Two Months After Acquisition, Mailbox Launches Its Email Management App For The iPad

Sometimes, when a truly innovative startup is acquired by a larger company, innovation slows to a crawl. And other times, when an acquisition happens, a company gets the backup and investment it needs to keep on innovating. It seems like that latter case is true for Mailbox, which, two months after being acquired by Dropbox, is now ready to release its iPad app to the world.

Mailbox has been working on the app since well before the acquisition, testing out various form factors and iterations in an effort to get it just right. In a video interview last week, Mailbox founder Gentry Underwood showed us the app, explaining how the company reformatted its features specifically for the larger screen of the iPad. For one thing, the app works only in landscape mode, with a list of messages that have yet to be read on the left-hand side, and a preview pane so that users can read emails in full on the right.

“The iPad is an interesting design challenge,” Underwood told me. “It sits halfway between a mobile device and a laptop.
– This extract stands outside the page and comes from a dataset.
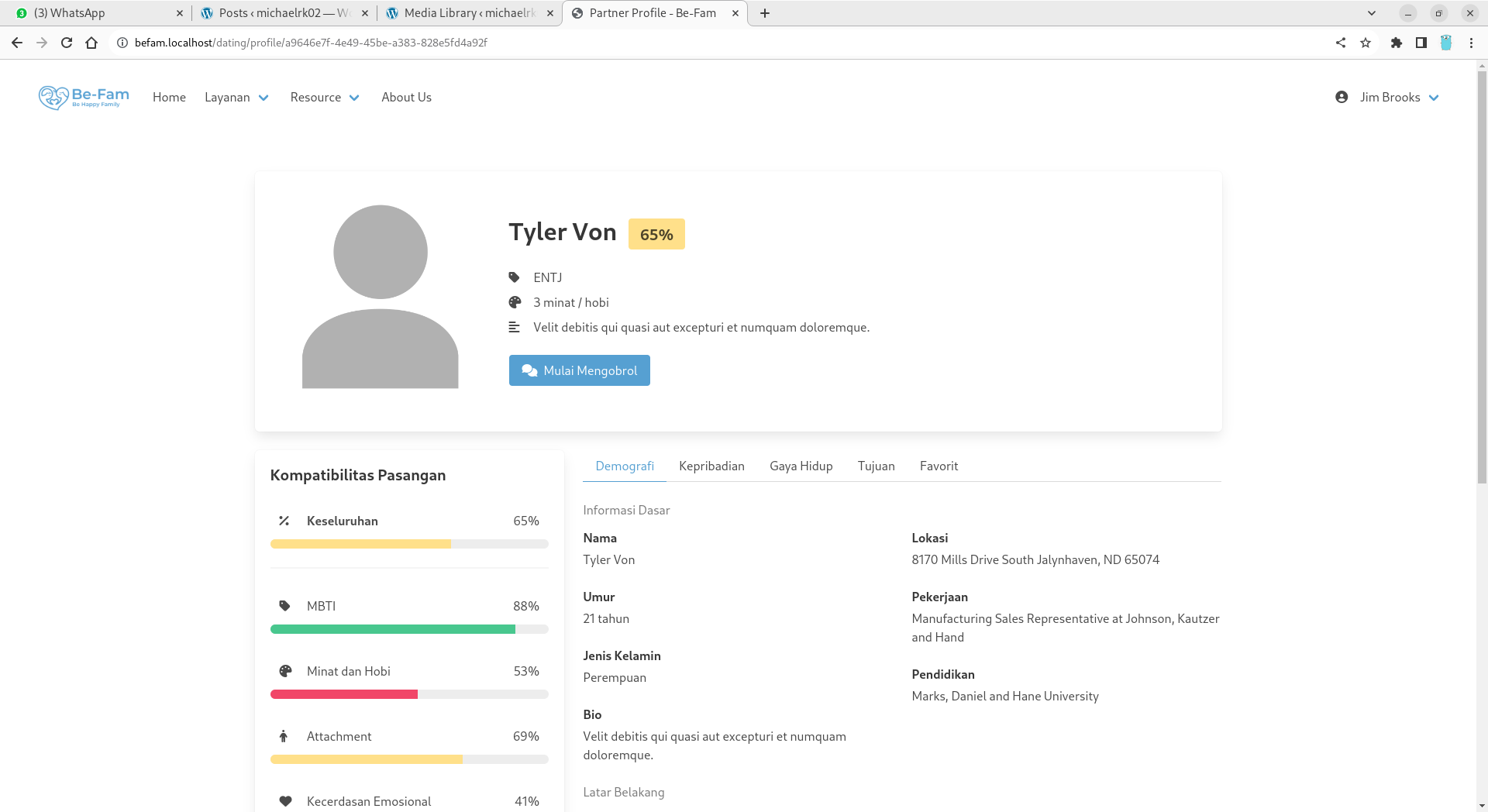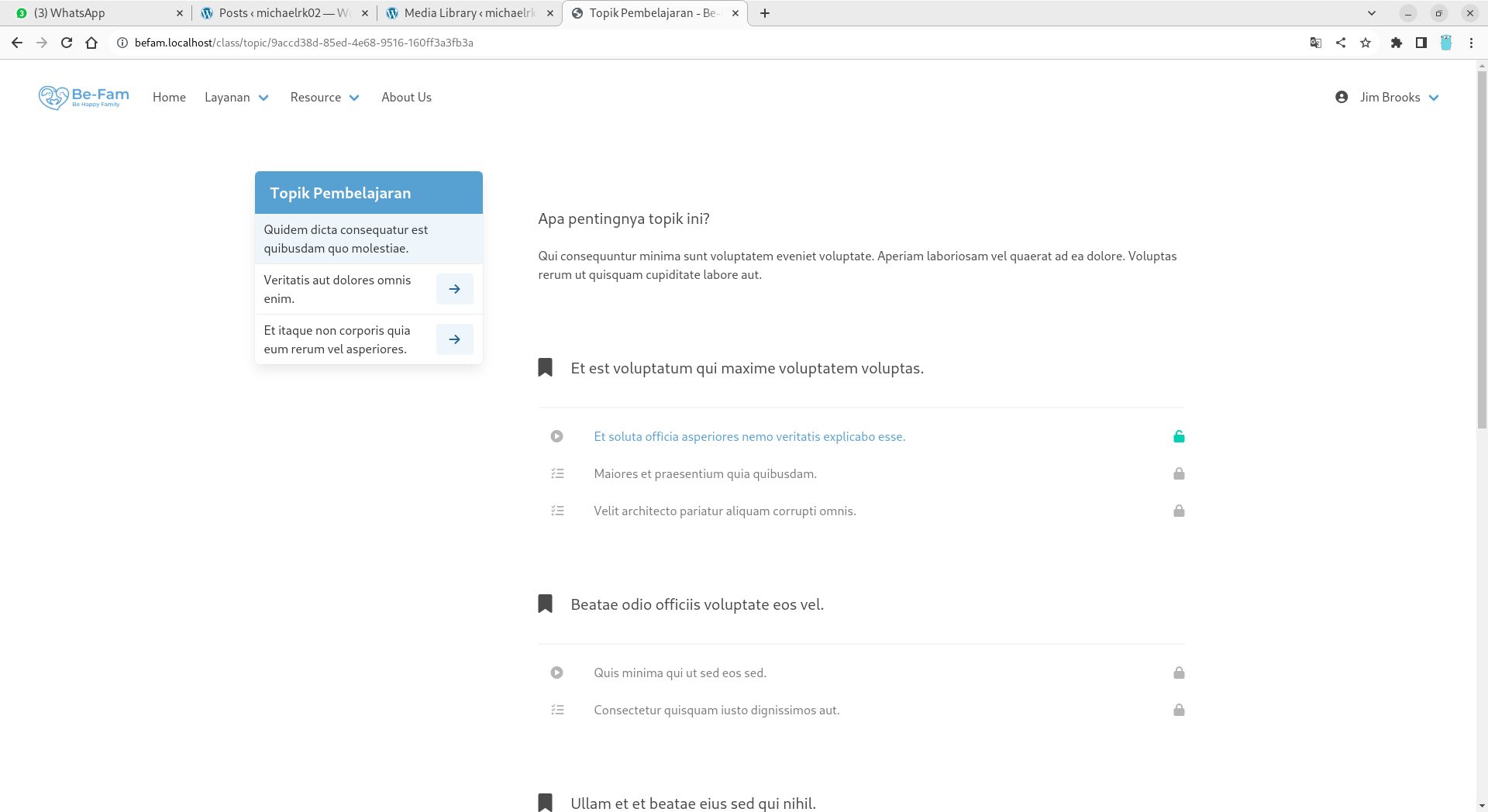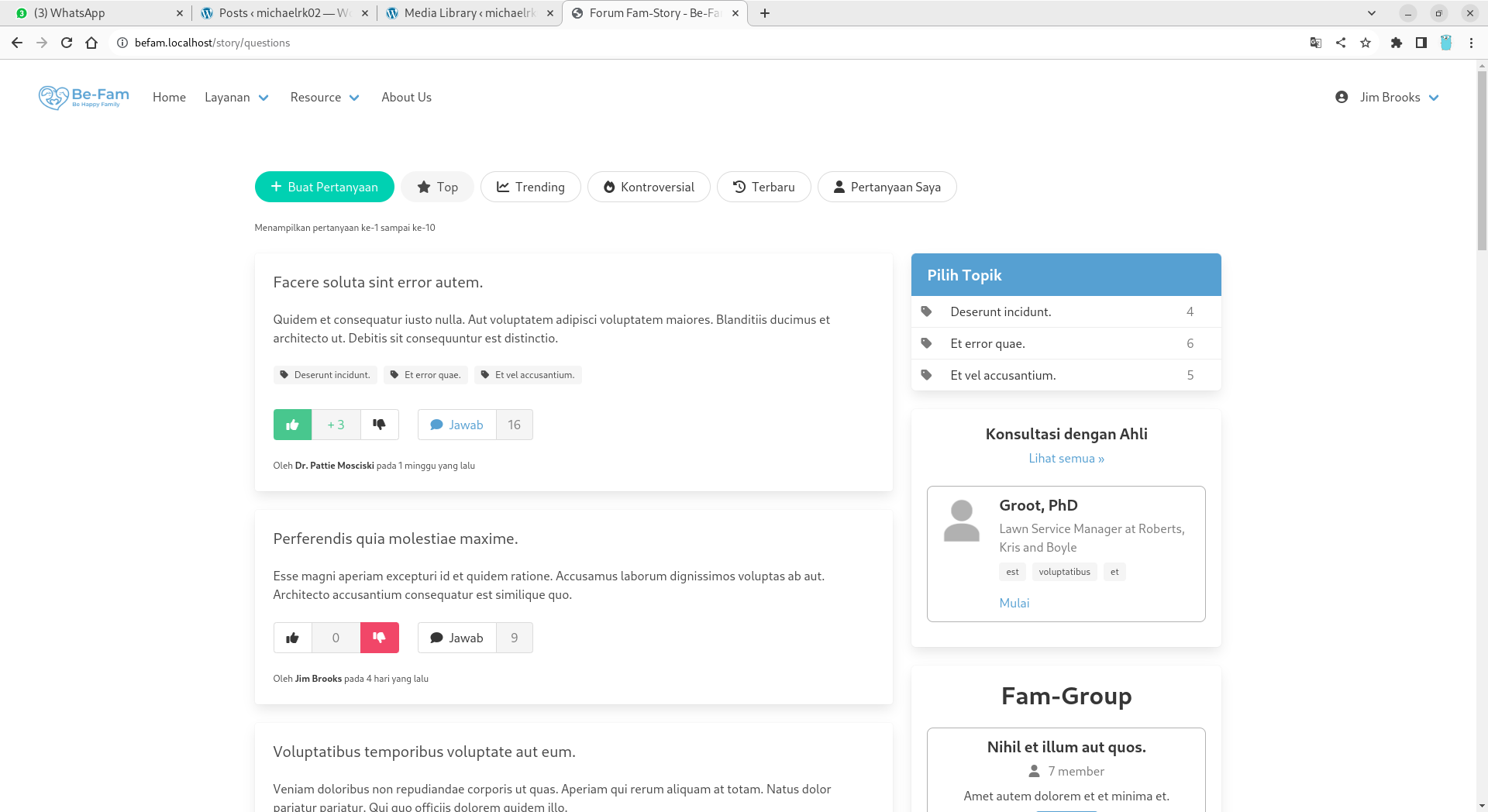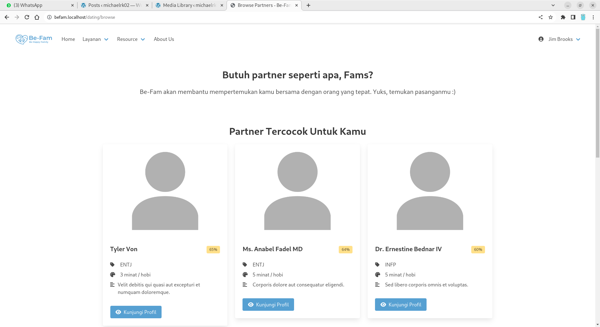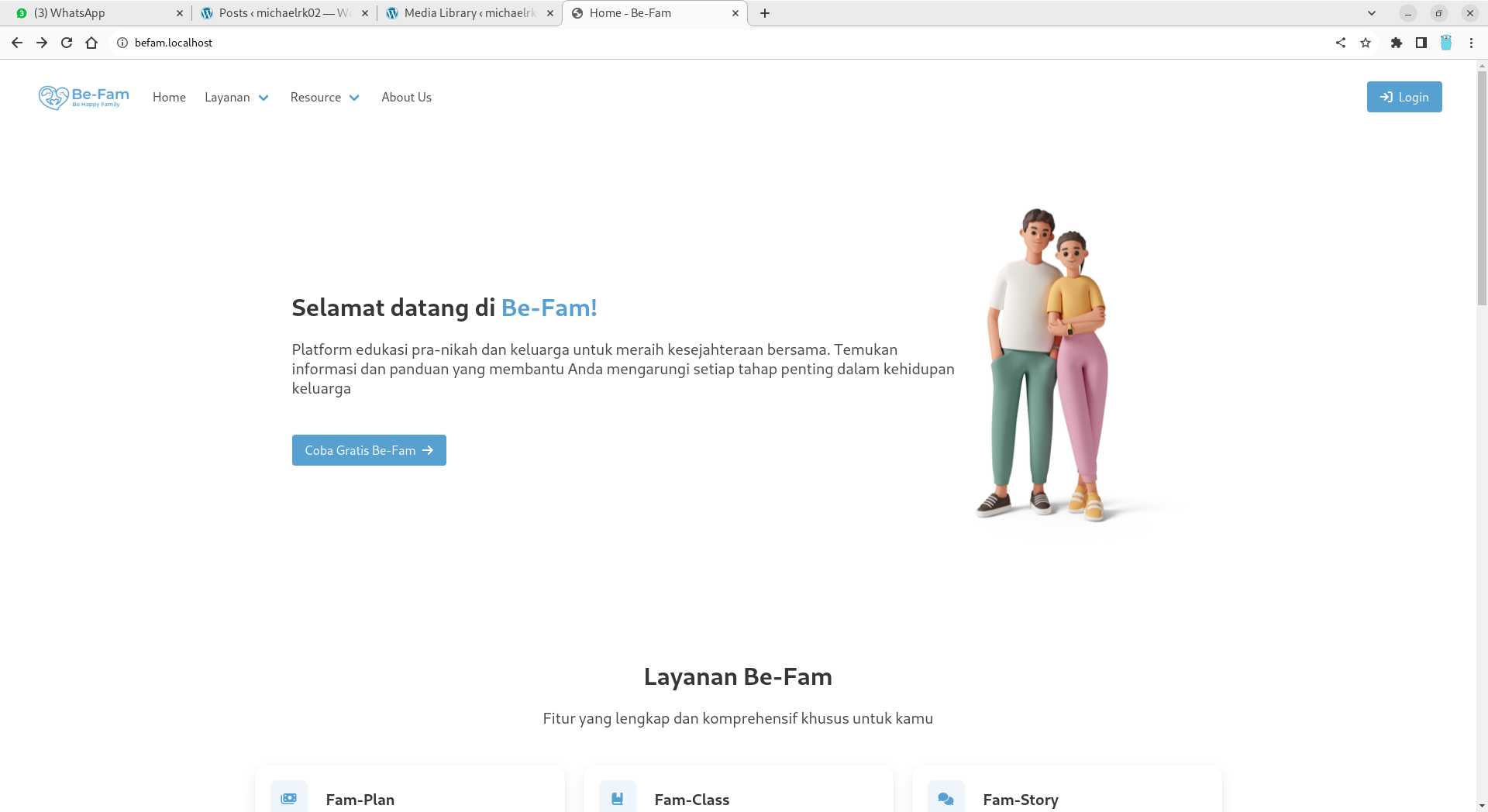 Website ini dibuat sebagai platform utama dari Start-Up (Be-Fam) mendeliver layanan dan produknya. Selain itu website menjadi target luaran yang diwajibkan. Fitur yang tersedia antara lain:

Sometimes we use them like luxuriously large phones and other times we use them almost as laptop replacements.” As a result, that changes what people do with their email client.

“Our goal was to create an experience that was as fast and fluid for processing mail as you might do on a phone — so very quickly being able to go through and triage your messages like you can on Mailbox for iPhone,” he said. “But also, leaving enough real estate for those times when you might have a keyboard up… and you’re actually trying to use your iPad as you might use a laptop to actually get through messages in a more intentional way.”

The goal for Mailbox was to try to find a marriage between those situations that satisfied both conditions. To do that, Mailbox took advantage of the greater screen real estate to give users a greater view into the mail that they had to get through. It starts with landscape mode, which brings in both the ability to see which messages you have yet to read through, while also being able to view entire emails at once.

“A large number of people use these [devices] as laptop replacements, particularly people on the road a lot who want to take advantage of the lighter weight, the longer battery life, no need to plug it in during the day,” Underwood said. “For those people, we wanted to create an experience that was as good, or better, than they might find on their own laptops.”

To replicate the experience of those so-called road warriors, Underwood even went without a laptop for a while, living only with his mobile phone and tablet, as a way to “build empathy” for the mobile-only email user. While testing it for himself was helpful, Mailbox also relied on the Dropbox testing community to get feedback for the iPad app before release as well.

What the company learned was that just because it had more screen to work with, that didn’t mean it should add unnecessary clutter. Notably, next to the email list and the preview pane, Mailbox doesn’t also give a window into all of the different folders that you can pre-sort items into. Underwood said that the team had tested that out, but found the experience ultimately too busy. So, like the iPhone app, the iPad app hides the list of folders.

“We spent a fair amount of time trying to create an experience that was consistent with what people are used to today,” he said. Even so, the new app takes advantage of the bigger screen to enable longer-form composition, whether that means using the built-in touch-screen keyboard, or some sort of Bluetooth-enabled iPad accessory designed to make composing on the device even easier.

This is the first major release that Mailbox has had since its acquisition by Dropbox. Being part of the larger company means more infrastructure support, and Mailbox has hired a few new faces in engineering since the acquisition. Some of the other advantages include being able to take advantage of Dropbox’s support team, as well as its recruiting, operations, and administrative infrastructure.

While it’s great that Mailbox now has an app for iPhone and iPad, there are still other platforms for it to conquer. What comes next? Android? Desktop?

“We don’t really speak about the specific order of the future [road map], but I will say that people ask us often for an Android app. We hear often requests for a desktop app as well. We’re going as fast as we can to get Mailbox on as many device and get support for as many email providers as we can,” Underwood told me.

Great non-answer, Gentry! For all you non-iPhone or -iPad users, hold your horses while they work to get the app on more devices. In the meantime, check out the video and demo above to get a look at what you can expect from Mailbox for iPad — that is, if you haven’t downloaded it already.